W ubiegły piątek polska grupa ratownictwa dojechała do Francji, w okolice Bordeaux, gdzie płonęło prawie 1000 ha lasów. Składa się ze 146 strażaków i 49 samochodów gaśniczych z województw: zachodniopomorskiego oraz dolnośląskiego. Są to dwa moduły do gaszenia pożarów lasów z ziemi z użyciem pojazdów (dwa moduły GFFFV). Jest to największa zagraniczna grupa biorąca udział w działaniach we Francji.
Wysłanie polskich strażaków to odpowiedź na francuską prośbę do społeczności międzynarodowej, która została skierowana za pośrednictwem mechanizmu wspólnotowego UE. Zapotrzebowanie na pomoc otrzymano poprzez ERCC (Emergency Response Coordination Centre).
Wyjazd do Francji to 37. międzynarodowa misja Państwowej Straży Pożarnej.
Niedawno polscy strażacy pomagali gasić pożary w Czechach, a Francja - niestety - może nie być ostatnią taką akcją w tym roku. Jak wynika z badań Europejskiego Systemu Informacji o Pożarach Lasów EFFIS, chociaż sezon największych pożarów jeszcze się nie skończył, to liczba pożarów w krajach Unii Europejskiej rośnie, a od stycznia ogień szalał na powierzchni ponad 660 tys. hektarów, co stanowi rekord na tym etapie roku. W przypadku samej Francji, to rok 2022 jest najcięższy dla kraju w kontekście pożarów w ciągu 16 lat prowadzenia statystyk. Głównymi winowajcami są dwa następujące po sobie pożary w Żyrondzie na południowym zachodzie Francji, gdzie w zeszłym tygodniu pojawili się strażacy z Polski, Niemiec i Austrii, aby pomóc w ujarzmieniu ognia.

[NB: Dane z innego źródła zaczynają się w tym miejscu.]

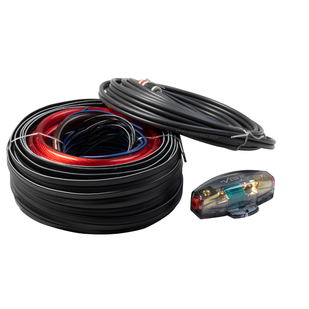 - 1x VSAWK4-V1 4 AWG Bekabelingskit (Stroom, Aarde, RCA, Speakerdraad, Zekeringhouder)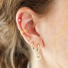 Add a touch of effortless boho charm to your jewellery collection with these gold-plated huggie hoop earrings. Designed for a stylish, curated ear stack, these delicate yet eye-catching earrings are the perfect everyday accessory.

Sytuacja jest również trudna w Europie Środkowej. Ponad 10 dni zajęło strażakom przejęcie kontroli nad największym od lat pożarem w Słowenii. Kraj, który nie posiada specjalistycznych samolotów gaśniczych, zwrócił się o pomoc do Chorwacji. Zagrzeb wysłał samolot, który musiał ostatecznie zawrócić ze względu na wybuch pożaru w Chorwacji i potrzebę jego ugaszenia.
Obszarem najbardziej dotkniętym przez ogień w tym roku jest Półwysep Iberyjski. W Hiszpanii, która podobnie jak Francja doświadczyła kilku fal upałów tego lata, pożary zniszczyły 246 278 ha terenów. Wybuchły one głównie w Galicji, na północnym zachodzie kraju. Sytuacja poprawiła się wraz ze spadkiem temperatur. Od ponad tygodnia sąsiednia Portugalia walczy z pożarem w geoparku Serra de Estrela, wpisanym na listę Światowej Sieci Geoparków UNESCO.
Rumunia znalazła się na drugim miejscu po Hiszpanii pod względem zniszczonych w pożarach terenów w tym roku. W ogniu było tam 150 528 hektarów. Następna jest Portugalia z 75 277 zniszczonymi hektarami powierzchni. Pierwszą czwórkę zamyka Francja, gdzie spłonęło jak dotąd 61 289 hektarów terenów.
Pod względem samego tylko okresu letniego "2022 jest już rokiem rekordowym" - powiedział AFP Jesus San-Miguel z EFFIS. Wybuchom pożarów sprzyja susza w Europie w połączeniu z falami upałów. W Europie Środkowej spalone tereny są nadal niewielkie w porównaniu z dziesiątkami tysięcy hektarów w Hiszpanii, Francji czy Portugalii. Jednak trwające globalne ocieplenie tylko wzmocni tendencję do pożarów na całym kontynencie europejskim - podsumowuje AFP.